Dataset excerpts
════════════════════

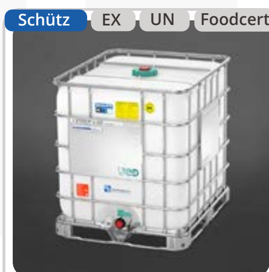
SKU: E1000MXEXF Antiestático 1000 Lts Foodcert UN
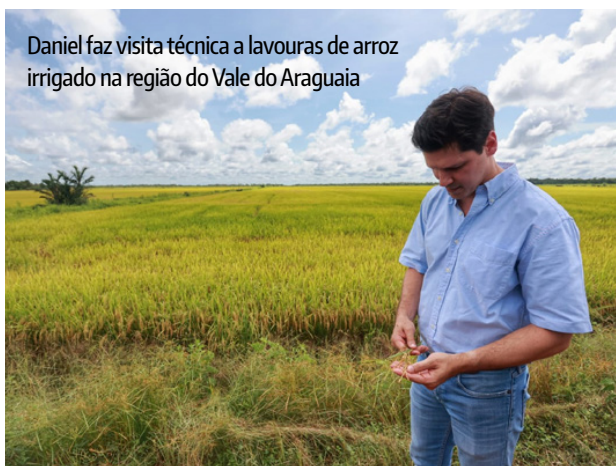
Daniel faz visita técnica a lavouras de arroz irrigado na região do Vale do Araguaia

“Este é o nosso compromisso: designar profissionais capacitados que representem o setor produtivo, a Secretaria de Estado da Agricultura e pastas afins para que formulem um diagnóstico real deste projeto e enumerem as demandas emergenciais para que, assim, possamos promover os avanços necessários”,
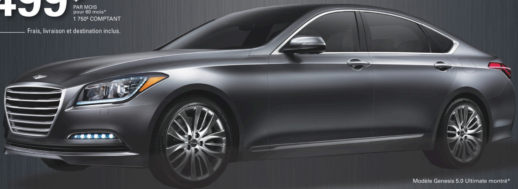
Modèle Genesis 5.0 Ultimate montré*

— Frais, livraison et destination inclus.
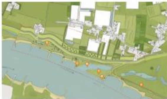
Afbeelding 1. Alternatief 1: beperkte verlegging
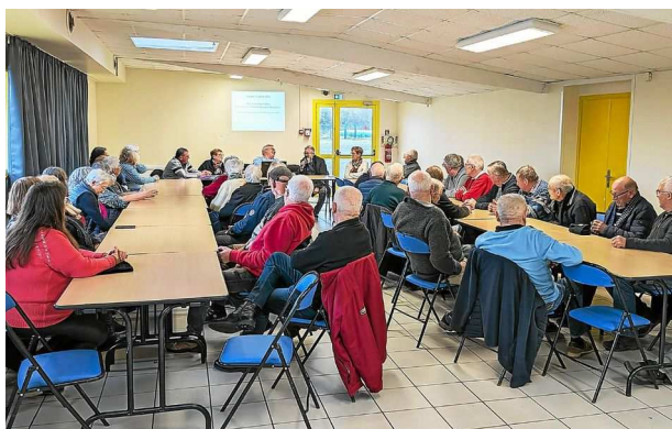
« Extrait du télégramme du 14 janvier »

Activité du club de la vallée : marche le mardi matin à 9 h, plaisir de chanter, le mardi à 14 h tous les quinze jours, dominos le jeudi à 13 h 45 et Pétanque le jeudi à 14 h.
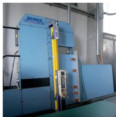
システムパネルソー (680円/時間)
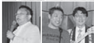
懇親会場を盛り上げた島田洋七やはな わのみなさんらによるアトラクション
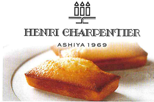
販売個数 世界一のギネス世界記録®を7度も達成した同社のフィナンシェ
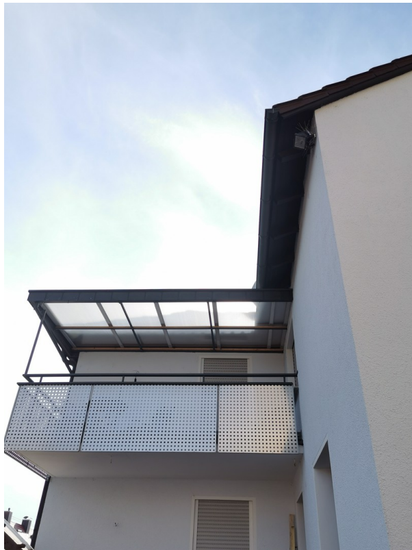
Balkon / Türe Wohnzimmer
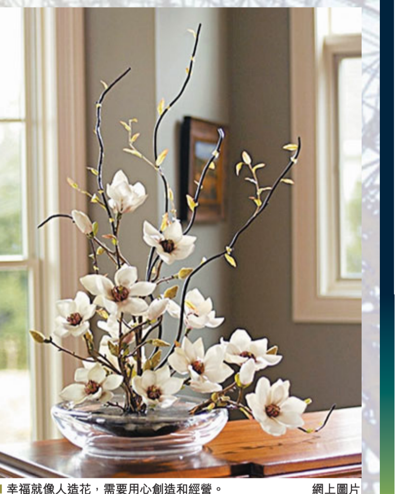
幸福就像人造花,需要用心創造和經營。
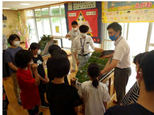
「令和4年度川の防災安全教室」 深浦町立いわさき小学校
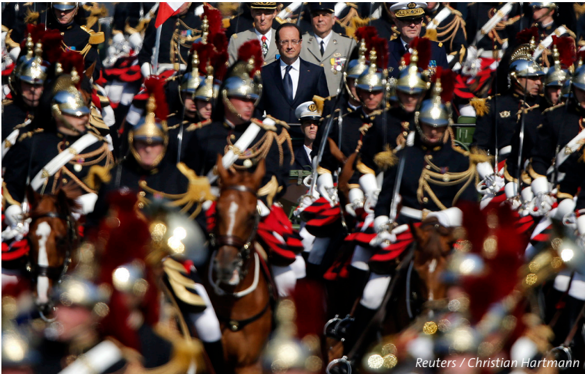
Der französische Präsident François Hollande bei der traditionellen Militärparade am 14. Juli 2013 in Paris.

Das französische Weissbuch zur nationalen Sicherheits- und Verteidigungspolitik ist mit Spannung erwartet worden. Denn zurzeit überdenkt die EU dieses Politikfeld neu. Angesichts schrumpfender Militärbudgets ist Frankreich, die wichtigste Militärmacht auf dem europäischen Festland, gezwungen, seine Ambitionen zurückzufahren. Gleichzeitig will Paris die gemeinsame europäische Sicherheits- und Verteidigungsanstrengungen forcieren.
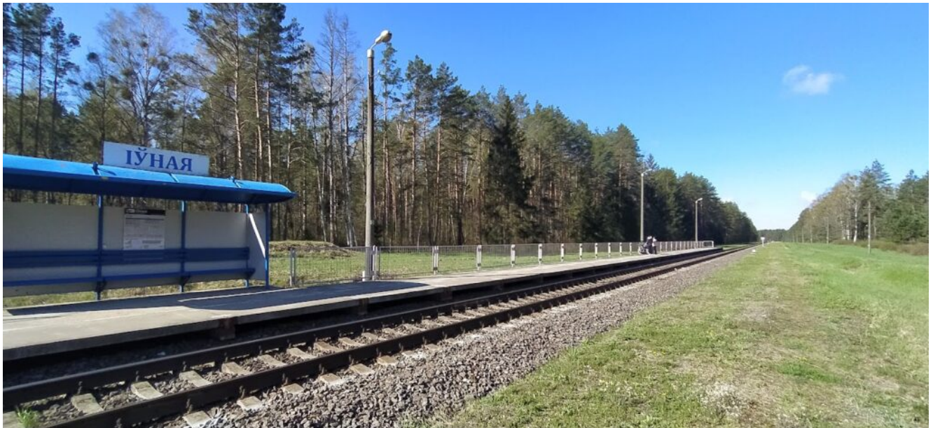
Начало маршрута. Жд станция Ивняя.
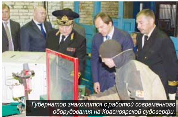
Губернатор знакомится с работой современного оборудования на Красноярской судовой верфи.
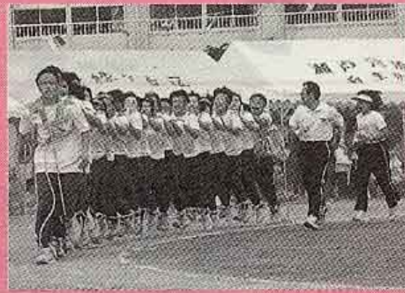
岩松中学校運動会 (九月二十一日)
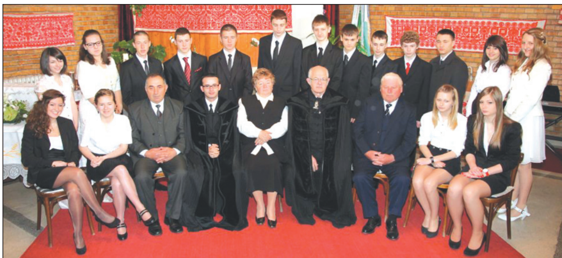
A Kerekdombon 17 fiatal – 9 fiú és 8 lány – konfirmált 2012. április 15-én. A kerekdombi reformátusok IFI zenekara kis ünnepi műsorral köszöntötte őket.

════════════════════

# What you need to do
With the pictures left out, transcribe exactly the lines from the line holding "nosso compromisso: designar" through the closing line of the entries.

# Task result
“Este é o nosso compromisso: designar profissionais capacitados que representem o setor produtivo, a Secretaria de Estado da Agricultura e pastas afins para que formulem um diagnóstico real deste projeto e enumerem as demandas emergenciais para que, assim, possamos promover os avanços necessários”,
Modèle Genesis 5.0 Ultimate montré*

— Frais, livraison et destination inclus.
Afbeelding 1. Alternatief 1: beperkte verlegging
« Extrait du télégramme du 14 janvier »

Activité du club de la vallée : marche le mardi matin à 9 h, plaisir de chanter, le mardi à 14 h tous les quinze jours, dominos le jeudi à 13 h 45 et Pétanque le jeudi à 14 h.
システムパネルソー (680円/時間)
懇親会場を盛り上げた島田洋七やはな わのみなさんらによるアトラクション
販売個数 世界一のギネス世界記録®を7度も達成した同社のフィナンシェ
Balkon / Türe Wohnzimmer
幸福就像人造花,需要用心創造和經營。
「令和4年度川の防災安全教室」 深浦町立いわさき小学校
Der französische Präsident François Hollande bei der traditionellen Militärparade am 14. Juli 2013 in Paris.

Das französische Weissbuch zur nationalen Sicherheits- und Verteidigungspolitik ist mit Spannung erwartet worden. Denn zurzeit überdenkt die EU dieses Politikfeld neu. Angesichts schrumpfender Militärbudgets ist Frankreich, die wichtigste Militärmacht auf dem europäischen Festland, gezwungen, seine Ambitionen zurückzufahren. Gleichzeitig will Paris die gemeinsame europäische Sicherheits- und Verteidigungsanstrengungen forcieren.
Начало маршрута. Жд станция Ивняя.
Губернатор знакомится с работой современного оборудования на Красноярской судовой верфи.
岩松中学校運動会 (九月二十一日)
A Kerekdombon 17 fiatal – 9 fiú és 8 lány – konfirmált 2012. április 15-én. A kerekdombi reformátusok IFI zenekara kis ünnepi műsorral köszöntötte őket.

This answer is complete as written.